For Justyce is on a boarding scholarship at an exclusive
school preparatory to entering Yale, for which he has been accepted for the
very high grades that he worked extremely hard to earn: this nightmare should not be happening! But he is not released until his classmate’s
Attorney mother exerts her considerable influence to have all ‘charges’
dropped.

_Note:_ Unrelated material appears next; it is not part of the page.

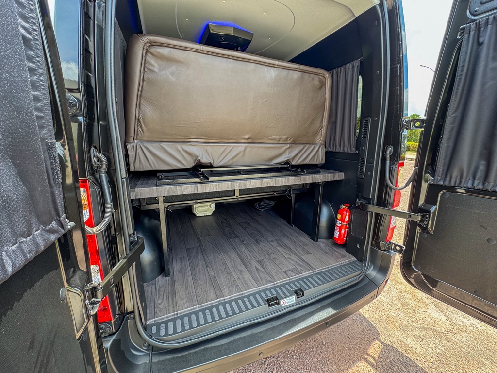 Banco traseiro conversível em cama, ideal para descanso em viagens

He has been taught a lesson: a lesson in racial profiling and humiliation,
and he has no idea how to process this unfamiliar and bitter new knowledge.

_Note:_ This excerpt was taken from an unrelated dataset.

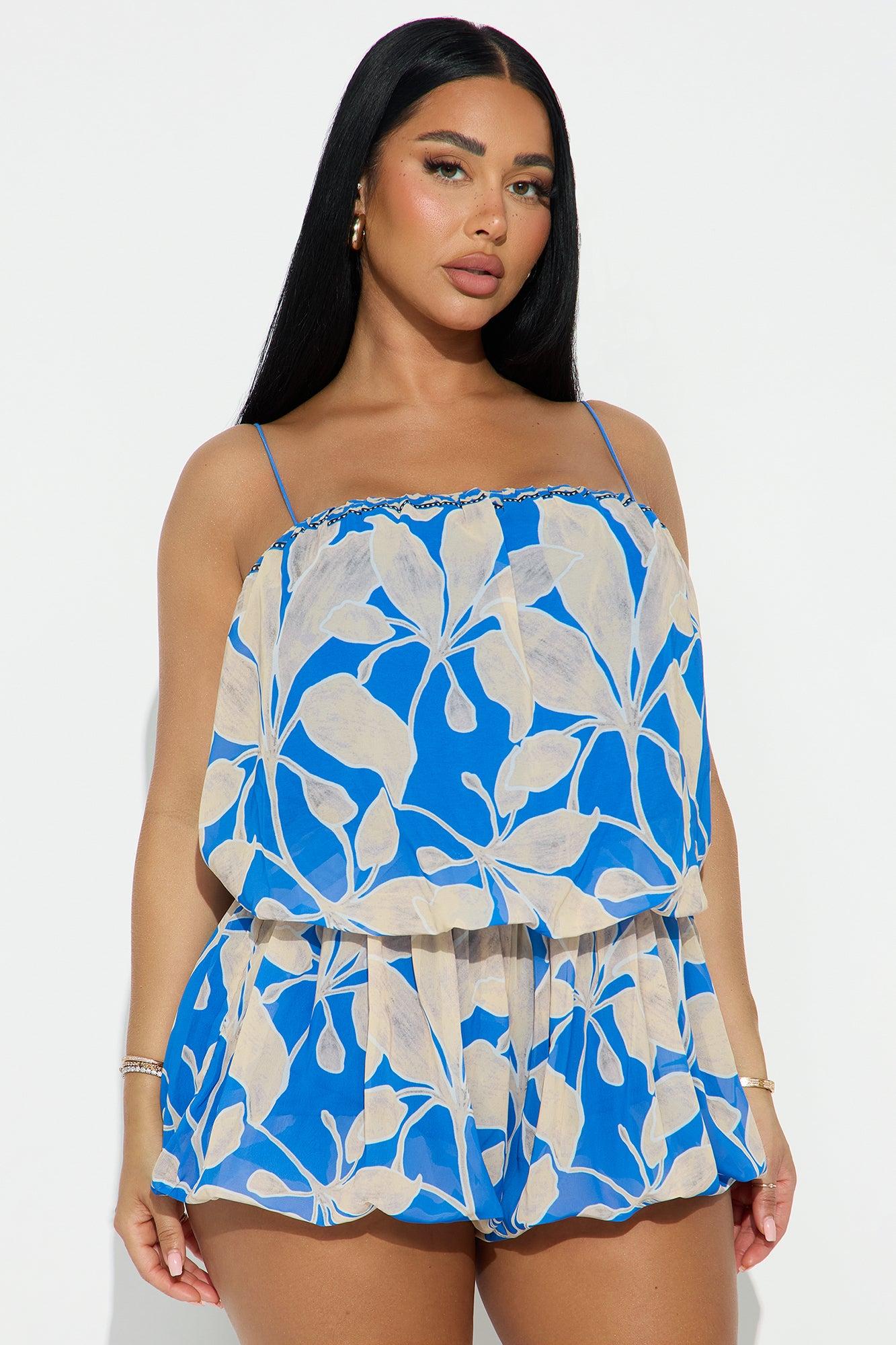 I'll Be Your Tourist Chiffon Romper - Blue/combo Female

Until he decides to write to Martin – Doctor Martin
Luther King, great, martyred upholder of the dreams and aspirations of equality
that all black people long for; if
Justyce starts a long-running letter/diary to Martin, perhaps it will help him
to make sense of what has happened to him, and not become embittered and
discouraged, as so many of his friends are.
And this solution works for a time, until he comes up against more racial
walls in class – ‘how come Justyce has been accepted into Yale, when my grades
are the same, but because I’m white I’ve been deferred!’ and reverse racism
from his Mum, who is furious he has a white girlfriend. She has not raised him to Love the Enemy!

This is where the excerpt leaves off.